(SOURCE MATERIAL):
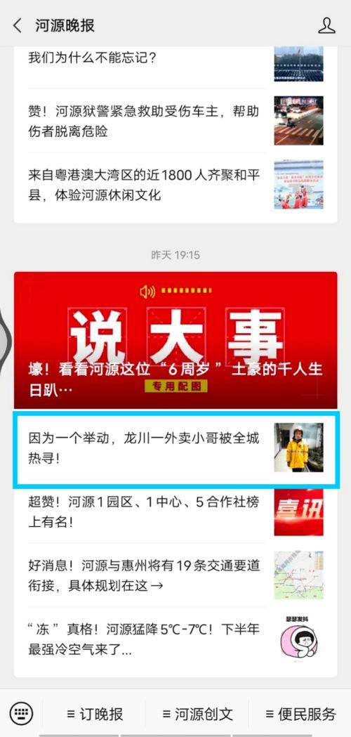 河源头条上的新闻视频真是让人目不暇接。无论是神秘失踪事件、爱心接力,还是环保行动、美食诱惑,都展现了这座城市的活力与魅力。让我们一起关注河源头条,共同见证这座城市的成长吧!
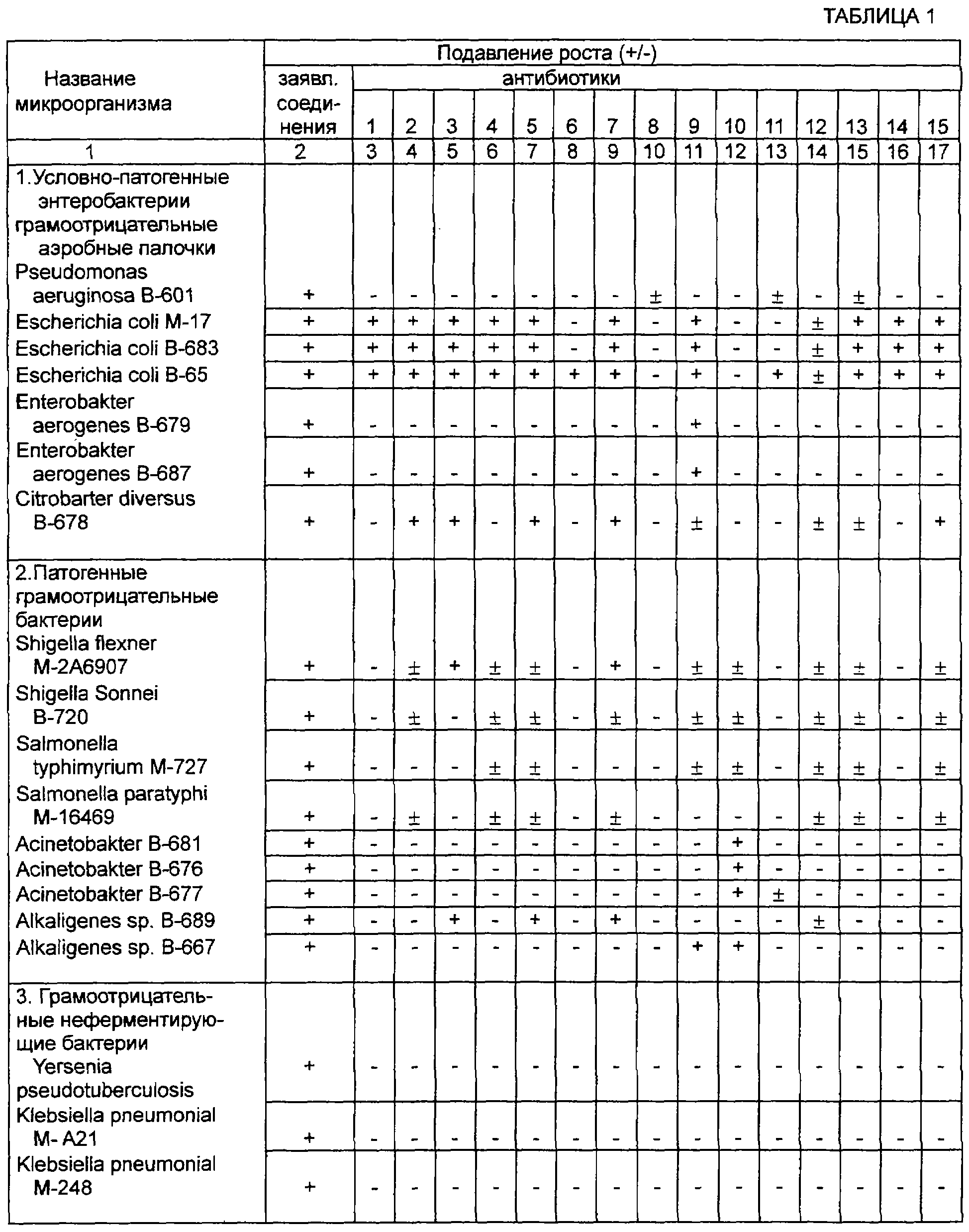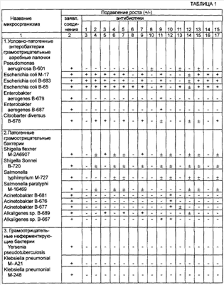 5·105 – 5·107 микр. тел/мл, и сравнительные результаты испытаний чувствительности к 15-ти антибиотикам:
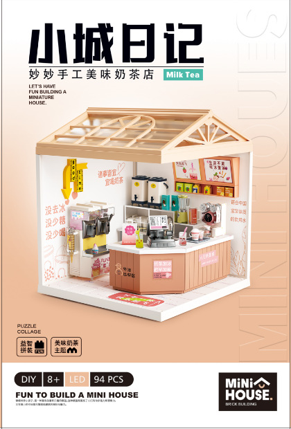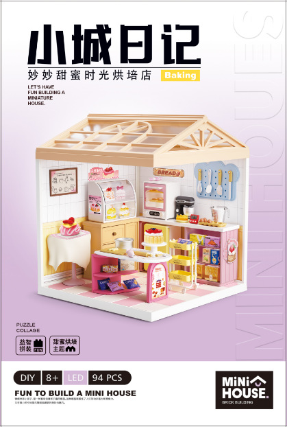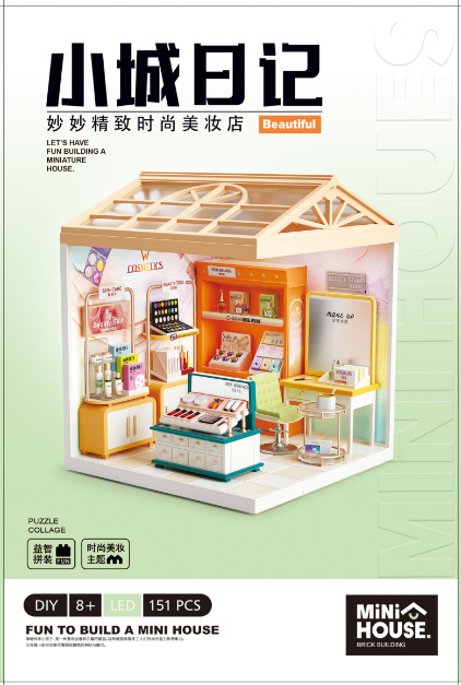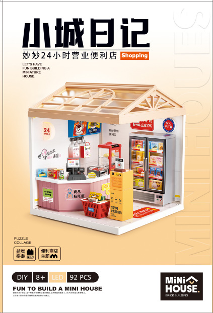 작은 마을 일기 조립 장난감 Miaomiao 시리즈 DIY 오두막 모델 빌딩 블록 장난감 3 차원 장식품 장난감 선물스토어 가기
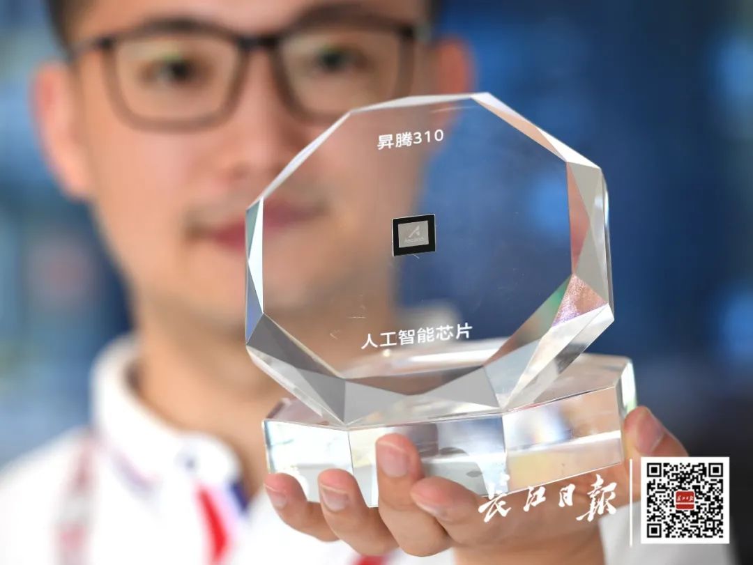 长江鲲鹏生态创新中心展示的昇腾310人工智能芯片。记者高勇 摄

(EXERCISE BRIEF): Which lines run from the one containing "5·105 – 5·107" to the end of the data above? Set down those lines exactly, and only those, without any pictures.

(OUTPUT FOR THIS EXERCISE):
 5·105 – 5·107 микр. тел/мл, и сравнительные результаты испытаний чувствительности к 15-ти антибиотикам:
 작은 마을 일기 조립 장난감 Miaomiao 시리즈 DIY 오두막 모델 빌딩 블록 장난감 3 차원 장식품 장난감 선물스토어 가기
 长江鲲鹏生态创新中心展示的昇腾310人工智能芯片。记者高勇 摄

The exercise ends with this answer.